Freestyle’s iterators
The most commonly-used (at least from Python) Freestyle iterator is the StrokeVertexIterator, that walks over the vertices of a Stroke object. Like for built-in types, it is more efficient/convenient to have a separate iterator type. This means that Stroke only has an __iter__
method, and StrokeVertexIterator has both an __iter__
and a __next__
method.
the Python StrokeVertexIterator type is an interface for the C++ StrokeVertexIterator type, which is at its core a standard C++ iterator over a dequeue.
__iter__
for StrokeVertexIterator and Stroke
static PyObject *StrokeVertexIterator_iter(
BPy_StrokeVertexIterator *self)
{
// bookkeeping for the garbage collector
Py_INCREF(self);
// synchronize Python and C++ iterator
self->at_start = true;
// C equivalent of 'return self'
return (PyObject *) self;
}
static PyObject *Stroke_iter(PyObject *self)
{
// create new StrokeVertexIterator pointing to the first vertex in the stroke
StrokeInternal::StrokeVertexIterator sv_it( ((BPy_Stroke *)self)->s->strokeVerticesBegin() );
// wrap it in a python type
return BPy_StrokeVertexIterator_from_StrokeVertexIterator(sv_it, false);
}
The __iter__
function takes one argument of the type that the iterator is running over, and returns a PyObject *
of the iterable type (in this case, that is the same type).
__next__
for StrokeVertexIterator, edited slightly for clarity
static PyObject *StrokeVertexIterator_iternext(
BPy_StrokeVertexIterator *self)
{
// Note that 'self' is a python object, self->sv_it is a C++ object
/* If sv_it.isEnd() is true, the iterator can't be incremented.*/
if (self->sv_it->isEnd()) {
PyErr_SetNone(PyExc_StopIteration);
return NULL;
}
/* If at the start of the iterator, only return the object
* and don't increment, to keep for-loops in sync */
else if (self->at_start) {
self->at_start = false;
}
/* If sv_it.atLast() is true, the iterator is currently
* pointing to the final valid element.

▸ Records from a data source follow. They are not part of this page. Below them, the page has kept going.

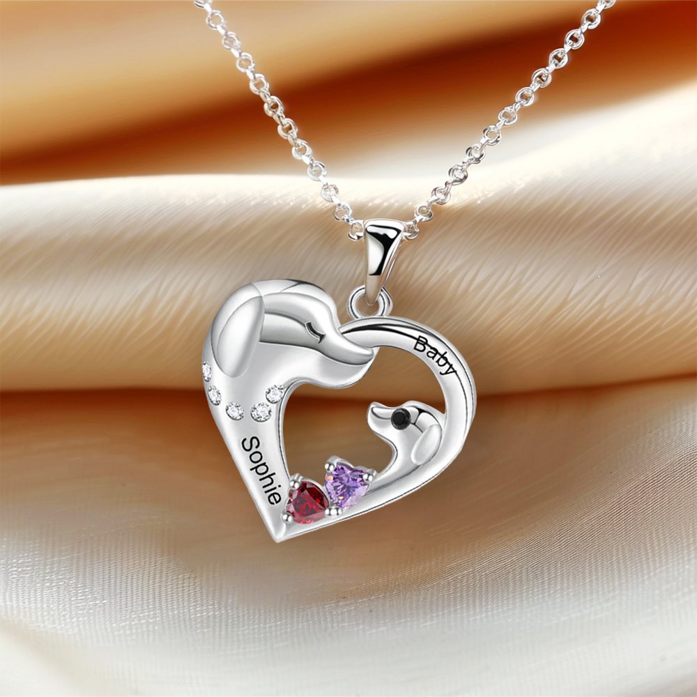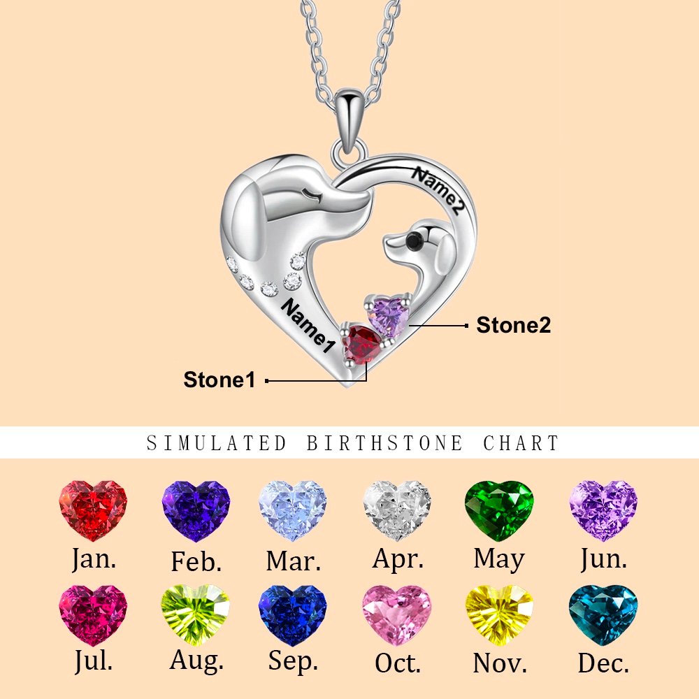 This necklace is made up of two dogs in the shape of a love heart, and paired with a sparkling heart-shaped birthstone, it is very attractive. A large and small dog symbolizes the family relationship between mother and child, and the love birthstone represents endless love. This necklace symbolizes the bond between mother and baby. You can choose the birthstone according to the birth month and customize the name on the necklace to make it more special. Necklaces are great to wear in different colours and types of skirts, dresses, blouses, etc., ensuring you stand out from the crowd.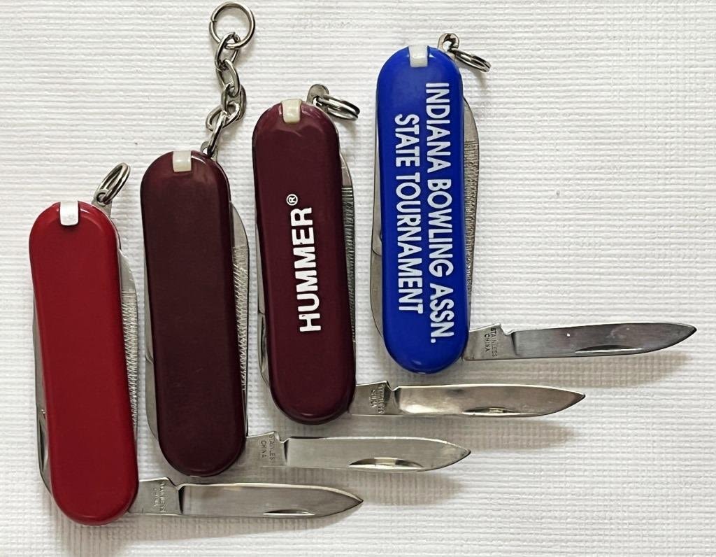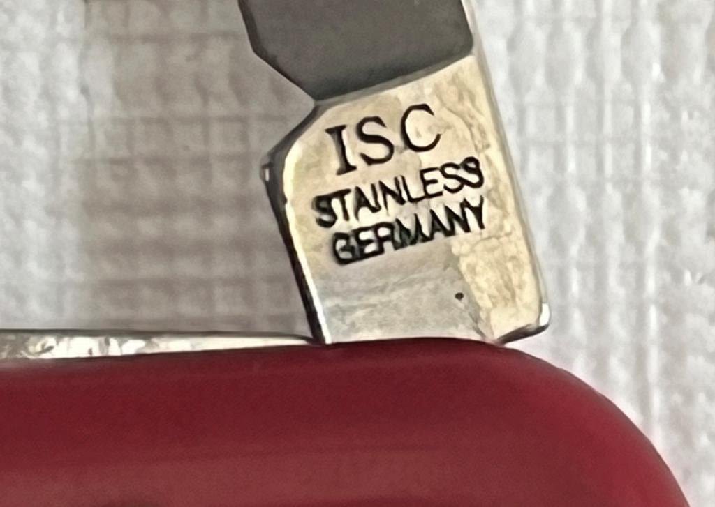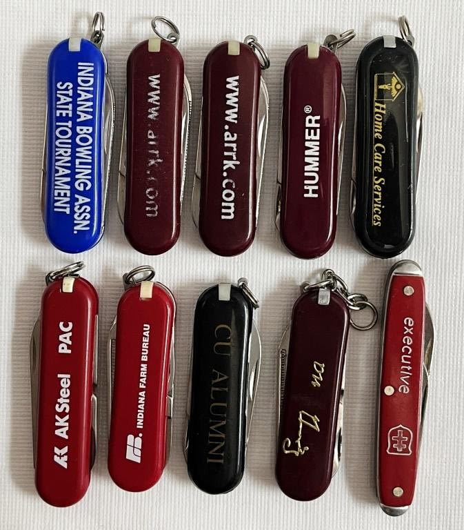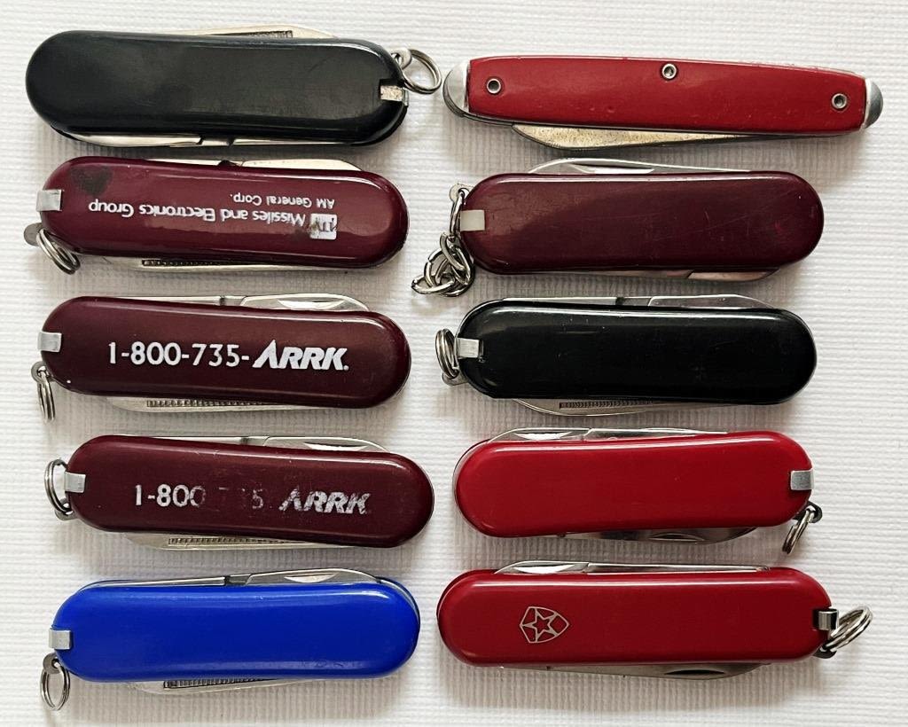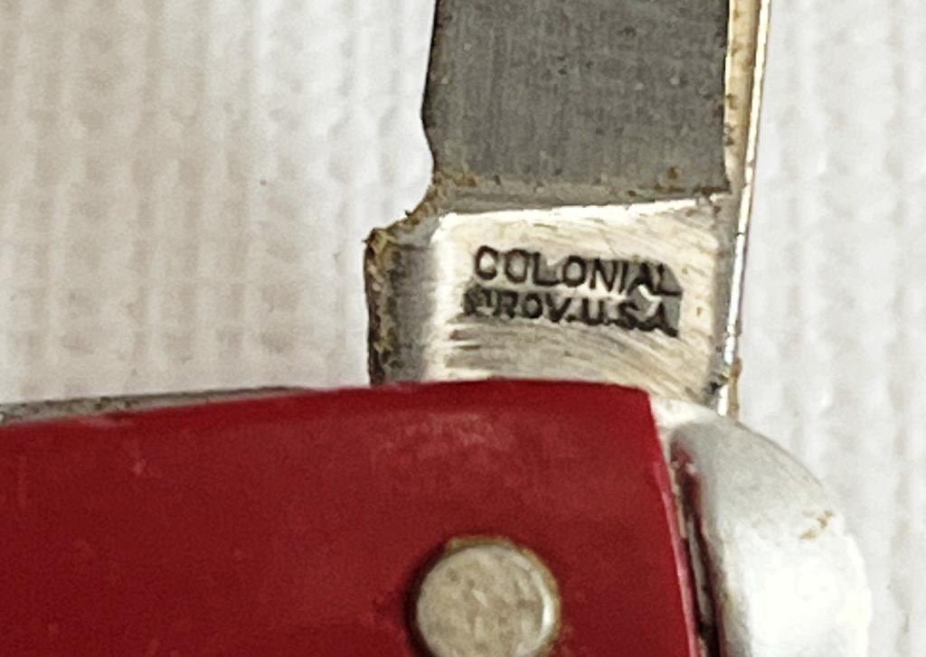 7 red pocket knives, 1 blue, 2 black. 8 Marked Stainless Steel, 1 marked colonial, 1 marked stainless Germany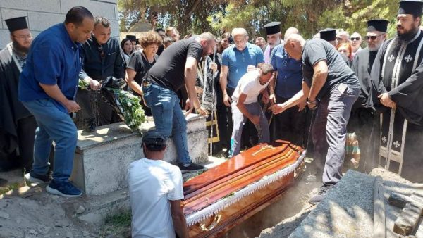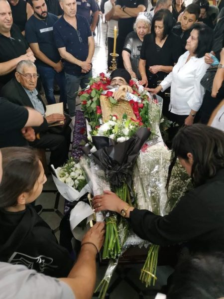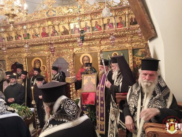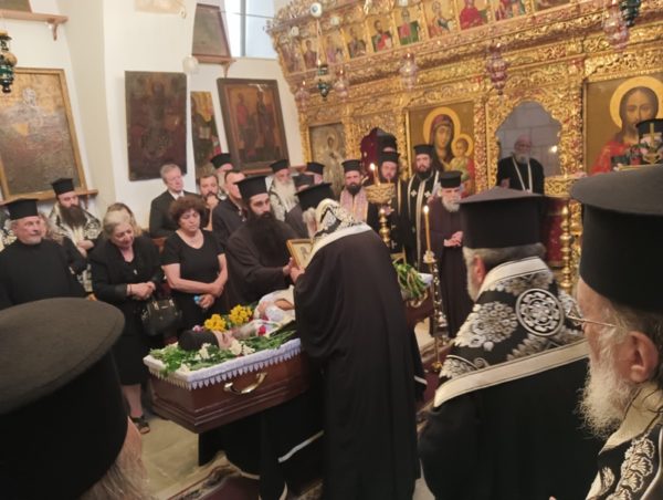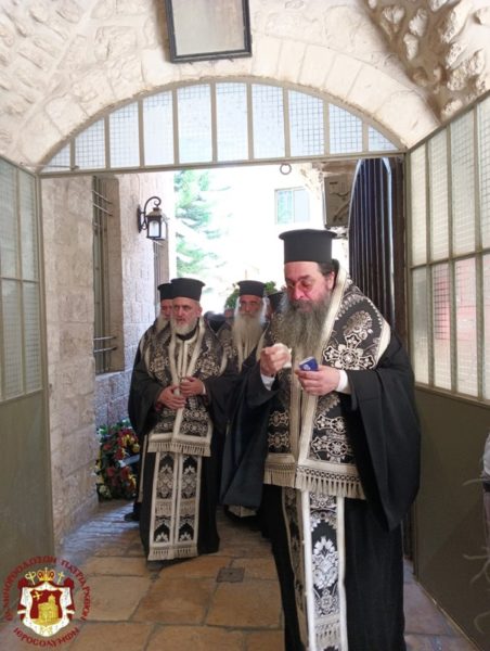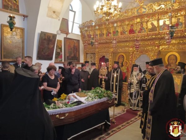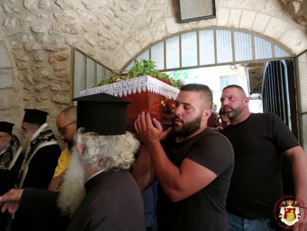 ترأس خدمة الجناز في كنيسة القديسة ثقلا في الدير المركزي في البطريركية غبطة البطريرك كيريوس كيريوس ثيوفيلوس الثالث بمشاركة أساقفة وآباء أخوية القبر المقدس وآباء مطرانية عكا, بحضور القنصل اليوناني العام السيد فليوراس ومؤمنين من القدس ومن منطقة عكا.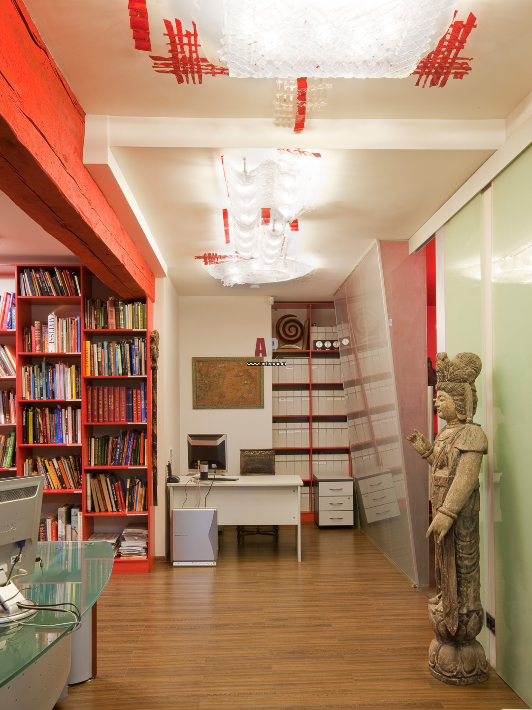 Вид от входной группы на рабочую зону. Потолочные светильники из цветного стекла в стилистике русского авангарда – авторская работа. Ламинат Alloc.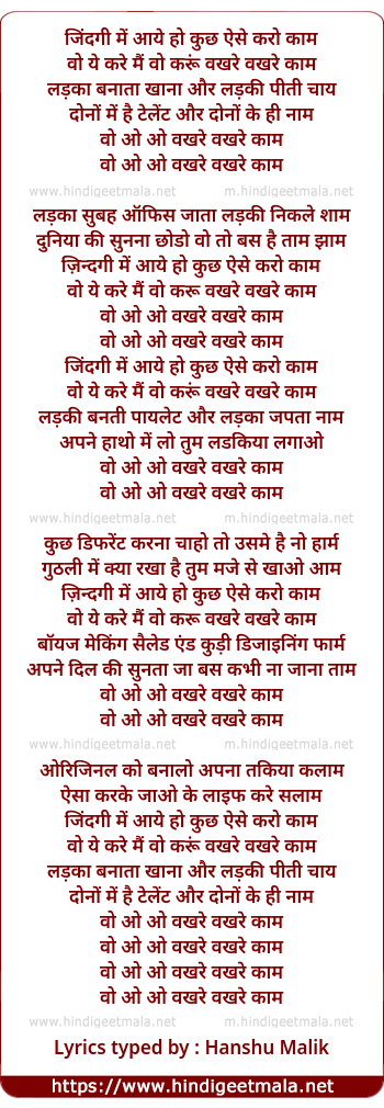 Lyrics of Wakhre Wakhre Kaam - वखरे वखरे काम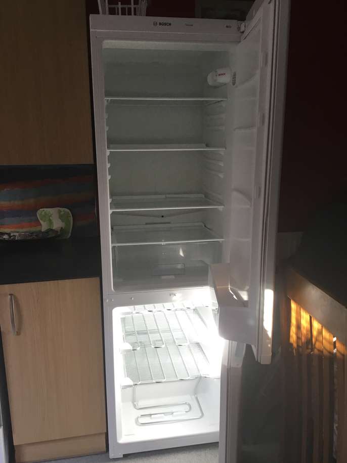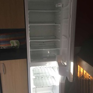 Working well in clean condition only inside hanging shelves broken and basket on the freezer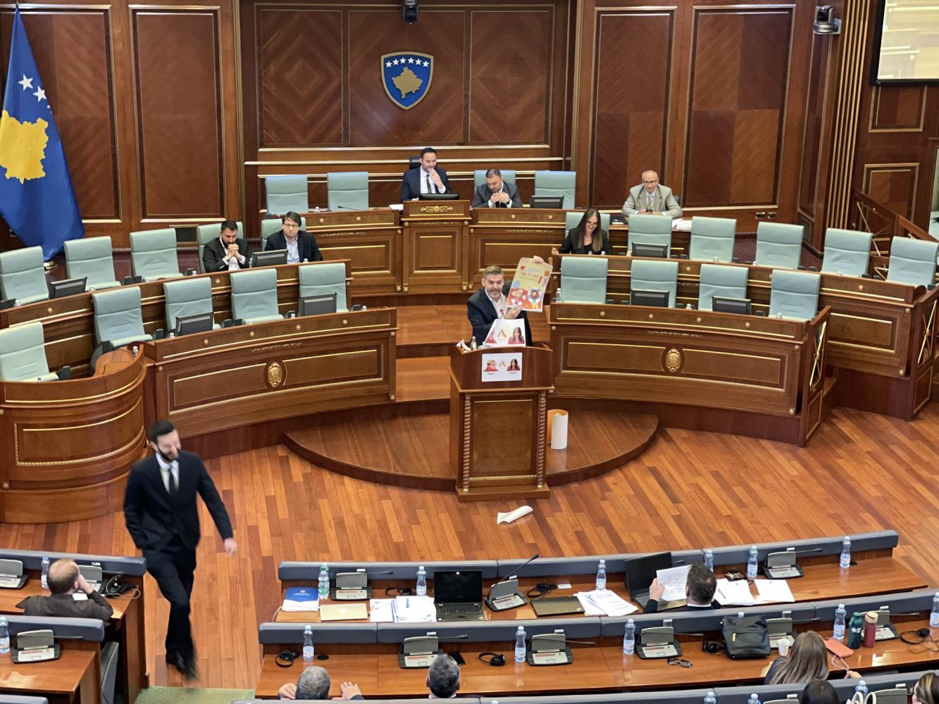 Deputeti i Partisë Demokratike të Kosovës, Ardian Kastrati, ka vendosur në foltoren e Kuvendit, fotografi të ministres Arbërie Ngavci, Dejona Mihalit, dhe logon e shtëpisë botuese “Albas”, pasi sipas tij kjo shtëpi botuese ka përfituar miliona euro nga MASHTI përmes subvencionimit të teksteve shkollore, raporton Ekonomia Online.

Incrementing it
* further would result in an invalid state. */
else if (self->sv_it->atLast()) {
PyErr_SetNone(PyExc_StopIteration);
return NULL;
}
else {
self->sv_it->increment();
}
StrokeVertex *sv = self->sv_it->operator->();
return BPy_StrokeVertex_from_StrokeVertex(*sv);
}
In general, iternext takes a reference of the iterator type, and returns a PyObject
of the iterated over type while leaving the iterator in an incremented state. In this case, the Python/C++ disalignment has to be taken care of.
If the C++ iterator is * exhausted, the Python iterator should be too. * at its first element, the object should be returned, but the iterator not incremented. * pointing to the last element, the python iterator is exhausted.
The Python iterators start in an ‘nothing’ state, and thus have to be incremented before the first iteration. So: Python iterators are incremented before the body runs, C++ iterators after the body. During the iteration this makes little difference, but for the first and last iteration this difference is crucial.
Conclusion
Different programming languages have different ideas of how iterators should work. Beware of these differences when interfacing between languages.
On a more general note: The Python C api is actually quite nice to work with, when the infrastructure has been setup. For a more lightweight approach, interfacing with C (or Rust, C++, …) can be done with the cffi library.